President of National Taiwan University
- In office 22 June 1993 – June 2005
- Preceded by: Kuo Kuang-hsiung [zh]
- Succeeded by: Lee Si-chen

Personal details
- Born: 15 November 1939 (age 86) Taichū Prefecture, Taiwan, Empire of Japan
- Education: National Taiwan University (MD) Tohoku University (DMS) Johns Hopkins University (MPH)

Chinese name
- Traditional Chinese: 陳維昭
- Hanyu Pinyin: Chén Wéizhāo
- Hokkien POJ: Tân Ûi-chiau
- Tâi-lô: Tân Uî-tsiau

= Chen Wei-jao =

Taiwanese surgeon and academic administrator

Chen Wei-jao (陳維昭 (Tân Ûi-chiau, Chén Wéizhāo); born 15 November 1939) is a Taiwanese surgeon and academic administrator.

==Early life and education==
Chen was born in Taichū Prefecture on 15 November 1939. He attended medical school at National Taiwan University, where he graduated with a Doctor of Medicine (M.D.), then completed his residency at National Taiwan University Hospital. After being a lecturer at NTU, Chen earned his Doctor of Medical Science (D.M.S.) from Tohoku University in 1973 and earned a Master of Public Health (M.P.H.) from Johns Hopkins University in 1989.

== Medical career ==
Chen was the lead surgeon in a groundbreaking September 1979 operation to separate conjoined twins. The twins were born with three legs between them and joined at the hip. The surgery was broadcast live on television. It was also the fourth successful separation of conjoined twins ever performed. Chen was named deputy director of the NTU Hospital in 1987 and became dean of the NTU college of medicine in 1991.

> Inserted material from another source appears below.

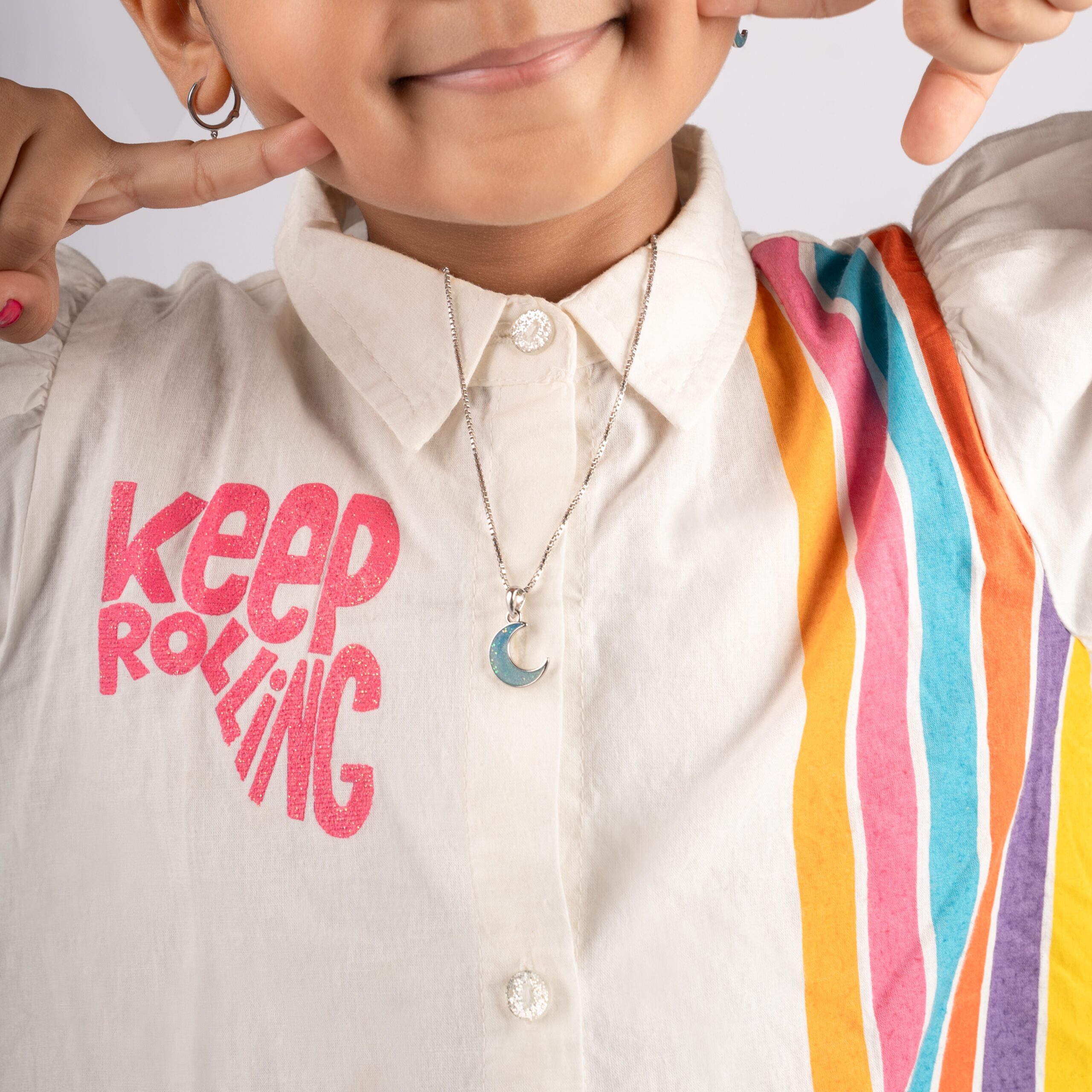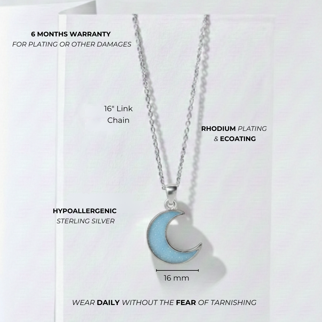 This Sparkling Crescent Moon Kids Pendant is a charming accessory for any little one who loves the stars. Crafted from high-quality 925 sterling silver, this delicate pendant features a lovely crescent moon design with a beautiful blue enamel finish that glitters like a moonlit sky. It’s a wonderful gift that adds a touch of magic to any outfit and is safe for sensitive skin.
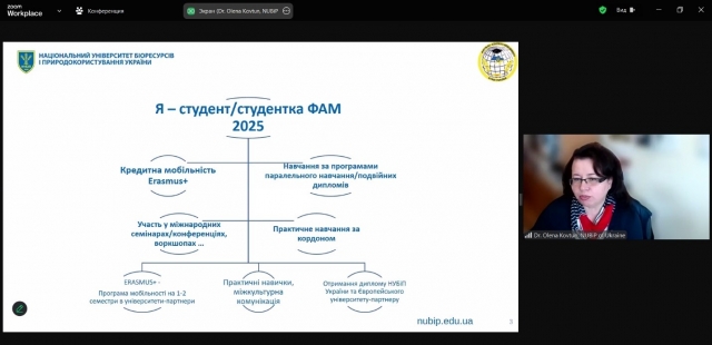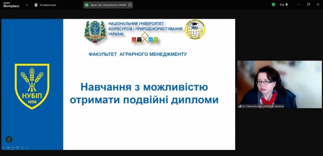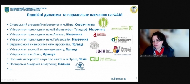У продовження заходу керівник міжнародних програм, завідувач кафедри адміністративного менеджменту та зовнішньоекономічної діяльності Олена Ковтун презентувала учасникам особливості навчання з можливістю отримати подвійні дипломи, перелік міжнародних університетів-партнерів, де можна паралельно навчатися, участь студентів у міжнародних проєктах, конференціях та стажуваннях у країнах ЄС.

==National Taiwan University presidency and subsequent career==
Chen was the first elected president of National Taiwan University, and took office on 22 June 1993. As university president, Chen issued formal apologies for NTU's role in White Terror political persecution, namely the 6 April incident of 1949 that led to the arrests of several student dissidents (in 2001), and the 1974 National Taiwan University Philosophy Department incident, which resulted in the dismissal of several faculty members accused of communist leanings (in 2003). Due to the 2003 SARS outbreak, Chen presided over NTU's first online commencement ceremony that year. In May 2004, Chen announced that the Gallery of University History was to be established in the old university library. He attended its dedication in June 2005 before stepping down as president. The Ministry of Education named Lee Si-chen Chen's successor as university president in June 2005. Chen was considered a candidate for vice president of the Republic of China in Ma Ying-jeou's 2008 presidential campaign. The Kuomintang confirmed Ma and Vincent Siew as its ticket. Chen later led the Institute for Biotechnology and Medicine Industry. Chen was convener of the presidential selection committee that named Kuan Chung-ming as NTU president in January 2018. Despite alleged conflicts of interest between committee members and Kuan, Chen supported Kuan selection on grounds of university autonomy, and the Ministry of Education confirmed Kaun's appointment in December 2018.